Saturday, February 01, 2014

Un con sommateur



L’homme peut tout supporter, à condition de pouvoir donner du sens à ses épreuves. Que ce sens puisse se révéler illusoire est une autre question mais l’absurdité engendre la révolte. L’une des erreurs de nos dirigeants est de croire qu’on gouvernera plus aisément des gens déculturés et réduits à la seule fonction de consommateurs, en pilotant leurs envies par la publicité ou par des formes plus insidieuses de contrôle mental1. Or cela ne fonctionne pas comme on le prévoyait depuis l’environnement douillet des instituts de recherche très spécialisés, qu’ils dépendent des agences de renseignement ou des multinationales. Fabriquer des crétins est moins facile qu’on ne pense. On peut certes abîmer une génération en la laissant dans l’ignorance, en ne lui fournissant pas les outils d’une pensée structurée ni les mots pour exprimer son ressenti, on peut déculturer des enfants de migrants et, par la même occasion, les enfants des couches pauvres du peuple de souche, mais les sauvageons qui en résultent ne deviennent pas de passifs imbéciles, de dociles consommateurs pour autant. Ils savent au tréfonds d’eux-mêmes qu’on leur charcute l’âme et ce qui les habite n’est pas l’envie, la passion de posséder mais la colère de ne pas être et de ne pouvoir le dire. Ou si la passion d’avoir, la seule qu’on encourage en eux, trouve son chemin, c’est sous forme d’exigence, d’arrogance dans le sentiment d’y avoir droit, de violence pour arracher les choses là où elles se trouvent. Au lieu d’un crétin docile et lobotomisé, on obtient un con sommateur, qui vous somme de lui donner sans contrepartie tout et le surplus. Bien joué, messieurs les manipulateurs !

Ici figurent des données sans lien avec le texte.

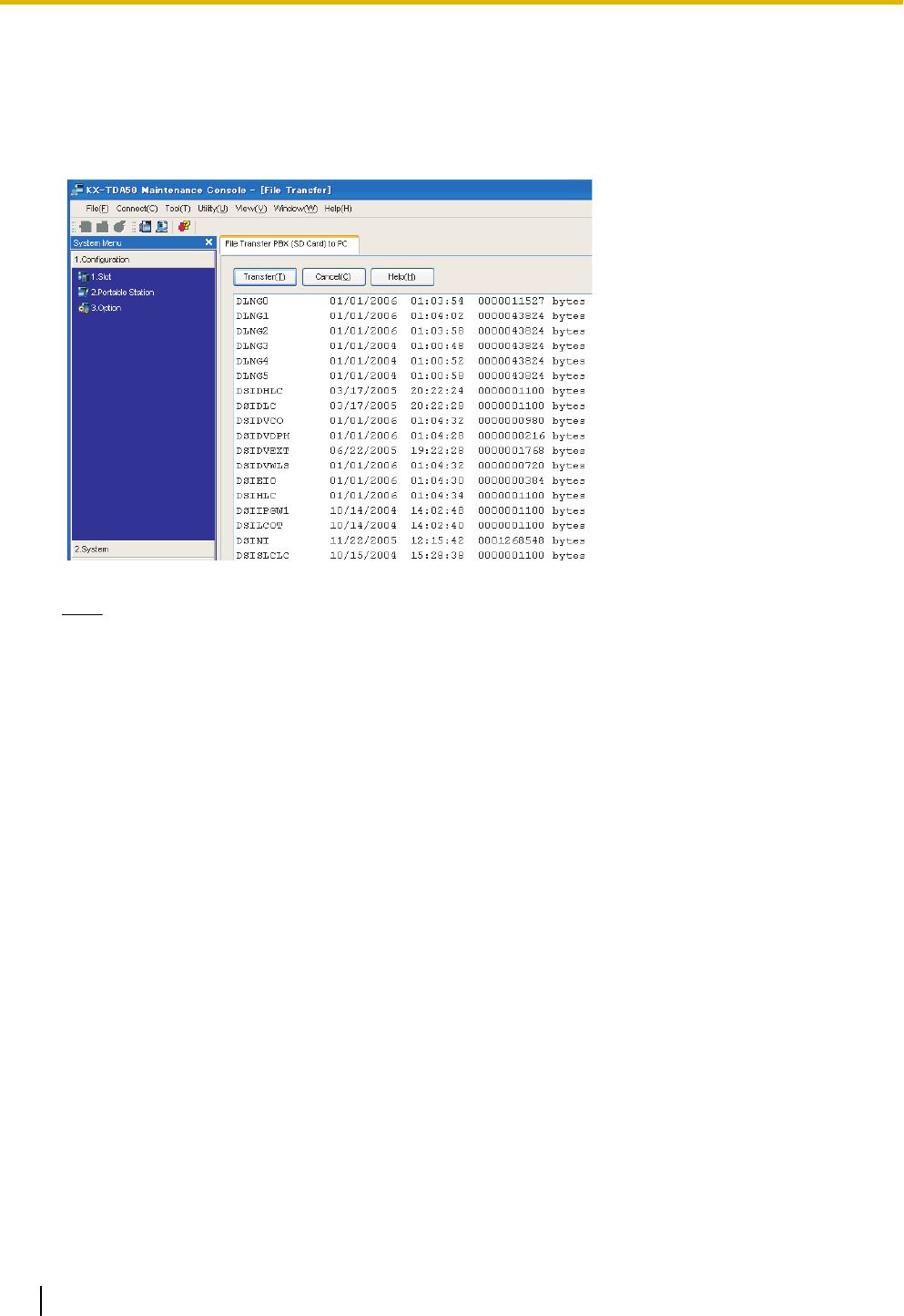 DSSYS_S, KX-TDA0920: DSYS_SUB), and a message displayed when the transfer is complete.
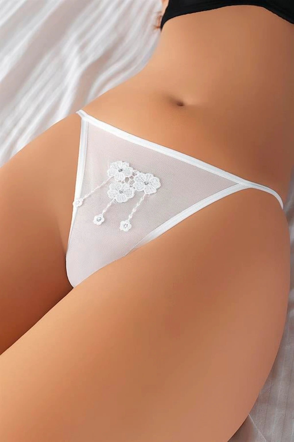 Will Like Fantezi Dantelli 2 İpli Beyaz Tanga String
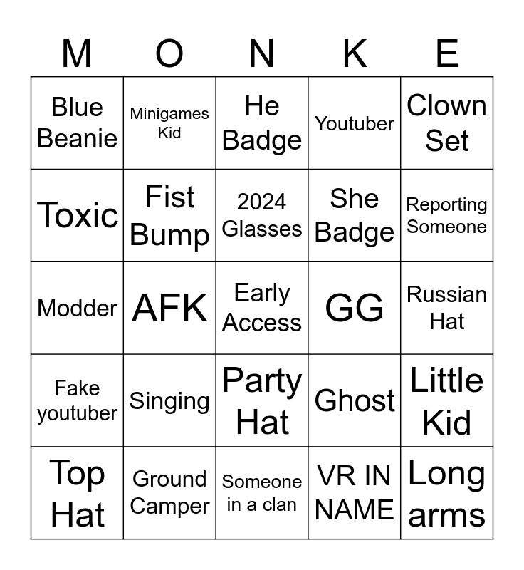 This bingo card has a free space and 24 words: Singing, Ground Camper, 2024 Glasses, Top Hat, Clown Set, Blue Beanie, Toxic, Minigames Kid, GG, Party Hat, She Badge, Modder, Ghost, Little Kid, Fist Bump, VR IN NAME, Russian Hat, He Badge, Reporting Someone, AFK, Long arms, Fake youtuber, Youtuber and Someone in a clan.
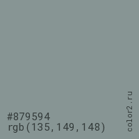 Цвет #879594 в цветовой модели RGB обозначается тремя октетами (135, 149, 148) в десятичном формате и #879594 в шестнадцатиричном (hex) формате, которые являются интенсивностью красного 135 (hex 87), интенсивность зелёного 149 (hex 95) и интенсивность синего 148 (hex 94).
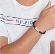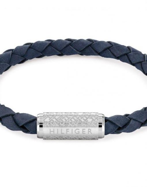 Pulsera Tommy Hilfiger para hombre fabricada en piel trenzada color azul con cierre magnético ajustable en acero inoxidable con el logo de la marca grabado.
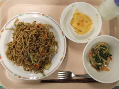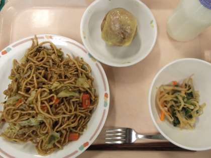 献立 ソース焼きそば 野菜のコチジャンだれ 選んでランチ(ベークドチーズポテトか塩味ケーキ)
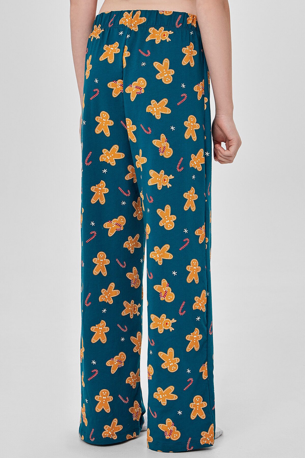 Новогодний принт создает праздничное настроение, а универсальный зеленый цвет легко сочетается с любой домашней одеждой. Эти брюки отлично подойдут для отдыха, подготовки к праздникам или уютных семейных вечеров.
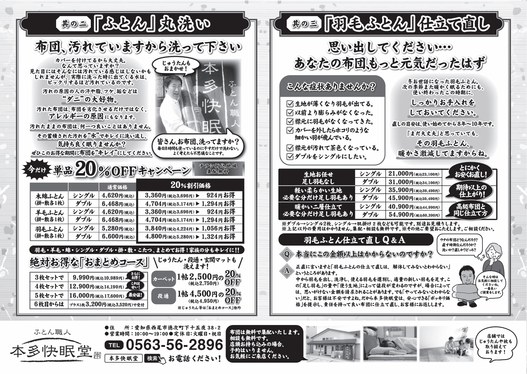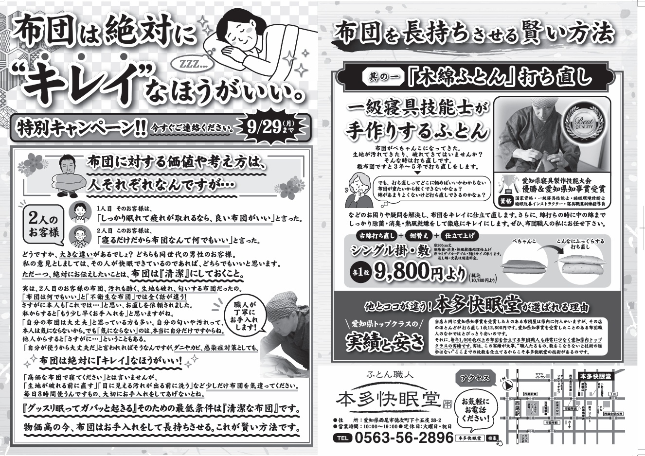本多快眠堂の、お布団”キレイ”キャンペーン、
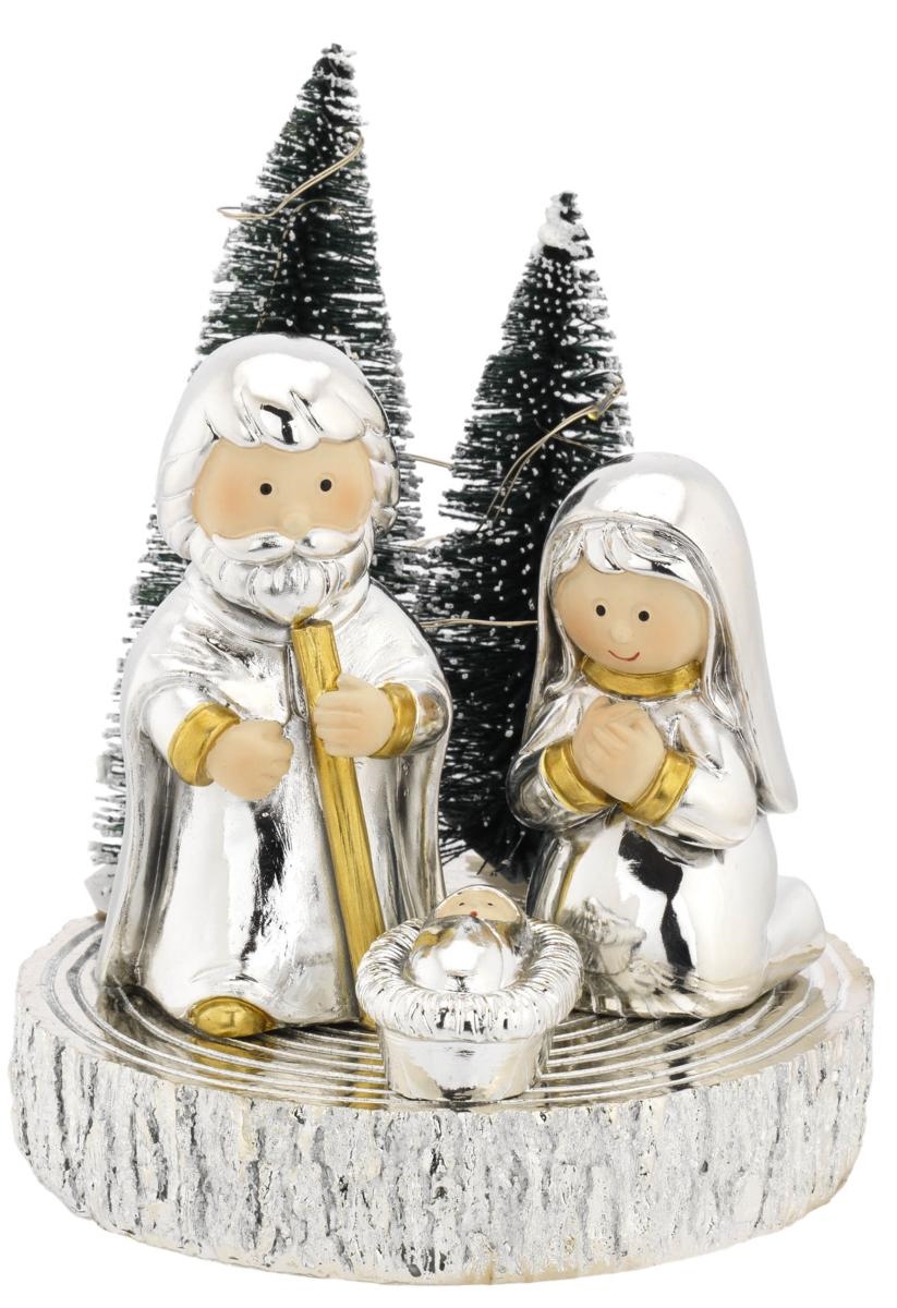 TRONCO D. 13*15 ARGENTO con led e Presepe 3 pzi h. 100 argen
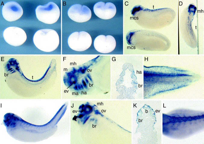 Fig. 2. Localization of XDan expression by whole-mount in situ hybridization. Except in (A,B,I,L) embryos were cleared with benzyl benzoate/benzyl alcohol. (A,B) Localization of maternal XDan transcripts (in each panel the top pair was probed for XDan while the bottom pair was probed with a sense control to access background staining). (A) Maternal XDan transcripts in stage VI oocytes. (B) Maternal transcripts in stage 3 embryos. (C) Lateral view of stage 25 embryos. (D) Dorsal view of stage 25 embryos. (E) Lateral view of stage 30 embryos. (F) Close up of stage 30 embryo showing XDan expression in derivatives of the cranial neural crest. (G) Horizontal section through the head and foregut of stage 30 embryo. Note that XDan expression is apparent in both superficial and underlying levels of the mandibular, hyoid, and branchial arches. (H) XDan expression in the finmesenchyme of stage 38 embryo. (I) Lateral view of XDan expression in uncleared stage 38 embryo illustrating weak expression in the chevron-shaped ventral migration pathways of trunk neural crest. (J) Lateral view of XDan expression in the head of stage 38 embryo. (K) Horizontal section passing directly through the eye of a stage 38 embryo. (L) Dorsal view of stage 38 trunk. b, Brain; br, branchial arches; ev, eye vesicle; ha, hyoid arch; m, midbrain; ma, mandibular arch; mcs, mandibular crest segment; mh, midbrainâhindbrain boundary; ov, otic vesicle; t, trunk neural crest.
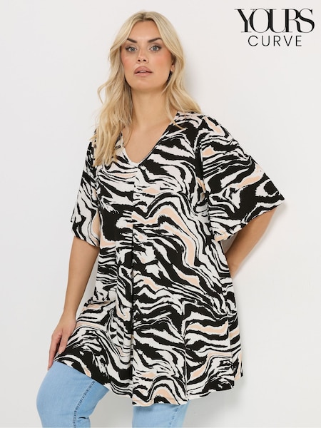Yours Curve Black / Cream Pleated Front Top
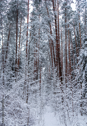 © OLAYOLA, Fototapeta premium А lot of thin twigs covered with snow in fairy tale winter forest
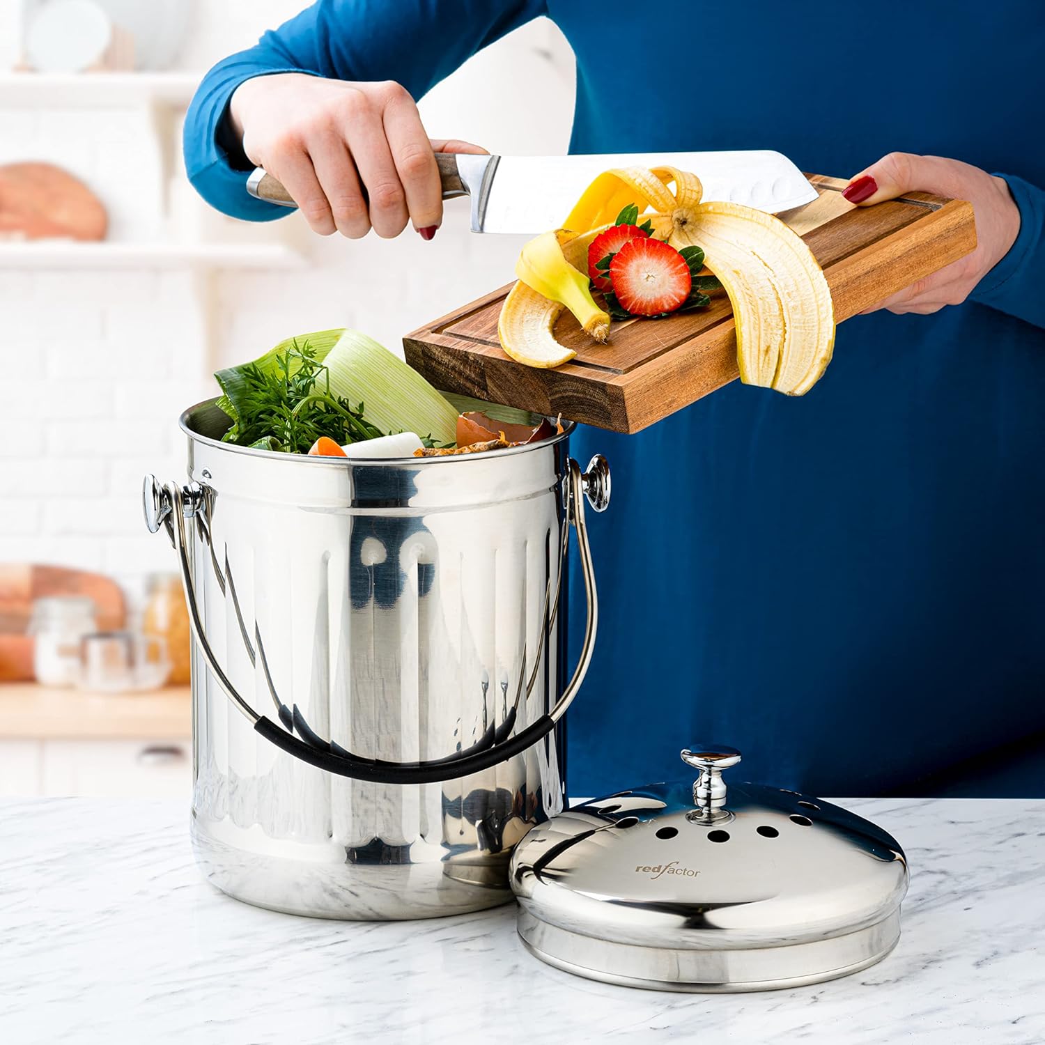 - Completely Odorless β You can keep adding food scraps (such as fruits, vegetables, coffee grounds, egg shells, tea bags etc.) to this kitchen compost bucket without worrying about any bad smell. Unlike other kitchen food containers, this RED FACTOR food waste container is equipped with innovative dual-filter technology with active carbon ingredient and a lid with holes for proper ventilation, neutralizing bad smells even in hot summer days.
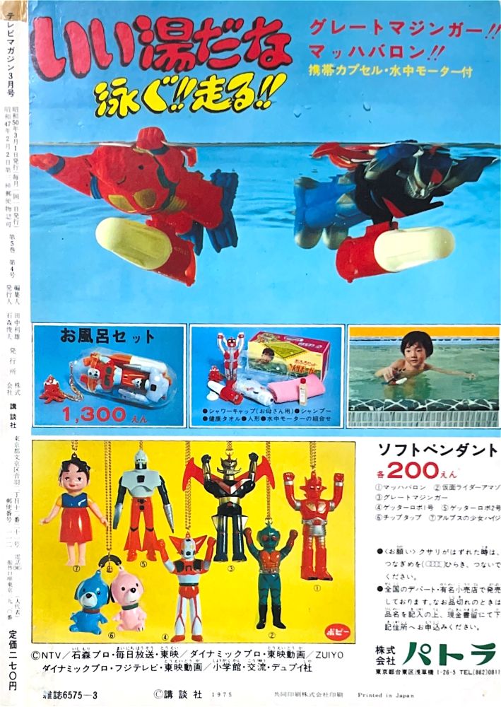 予 告 6月号のおしらせ「この超ヒーローはなにもの?」1p4色 広 告 バンダイ「モデルボーグ」グレートマジンガー,ゲッターロボ 4色1p 広 告 パトラ「お風呂セット 1300円」「ソフトペンダント 200円」グレートマジンガー,ゲッターロボ 裏表紙 |
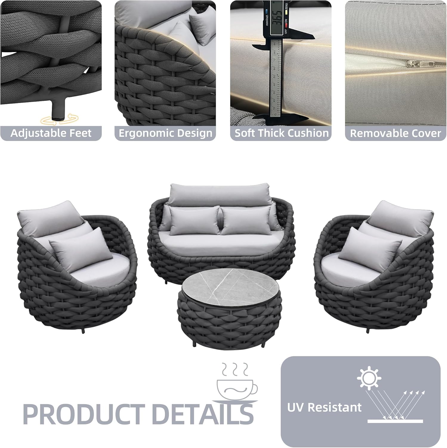 - Soft & Comfortable: Outdoor patio furniture has 3.8" thick seat cushions that are upholstered by water-resistant and UV-protective polyester fabric for ergonomic optimal comfort.Cover of cushions can be removeable and washable by invisible zipper as well

Chez les loups ou dans un poulailler, les hiérarchies s’établissent vite, encore que les sociétés animales soient plus complexes qu’on ne l’avait cru dans les premiers temps de l’observation. Chez l’homme, des hiérarchies spontanées s’établissent dans les groupes restreints mais se voient concurrencées par celles qu’encadre le droit et tout un jeu subtil qui forme une bonne partie de la politique consiste à composer entre les qualités propres des dirigeants et leur statut légal. Durant des siècles, la vertu consistait à connaître ou trouver sa place dans une structure complexe de pouvoirs et de contre-pouvoirs où le principe de subsidiarité jouait pleinement. Cela n’empêchait pas chacun de se cultiver, d’épanouir son intelligence, ses dons artistiques ou ses qualités de cœur, bien au contraire. Faut-il rappeler qu’encore avant la seconde guerre mondiale des bergers, dans les Alpes de Haute Provence, gardaient leurs troupeaux en lisant Homère dans le texte – en grec ?

Notre société est plus simple, voire simpliste, que le monde paysan d’ancien régime, très hiérarchisée dans l’entreprise avec plus d’échelons que n’en a jamais connu la féodalité, anomique à la ville, de plus en plus séparée en deux castes – l’oligarchie et le peuple – sans contact l’une avec l’autre. Or qui s’ignore se fantasme et se redoute. Y compris qui s’ignore soi-même.

1 Comme le montre bien le Dr Dickès dans L’ultime transgression : refaçonner l’homme, éditions de Chiré, 2e éd., 2013. Qu’on soit d’accord ou non avec sa vision du monde, les faits qu’il dévoile donnent à réfléchir.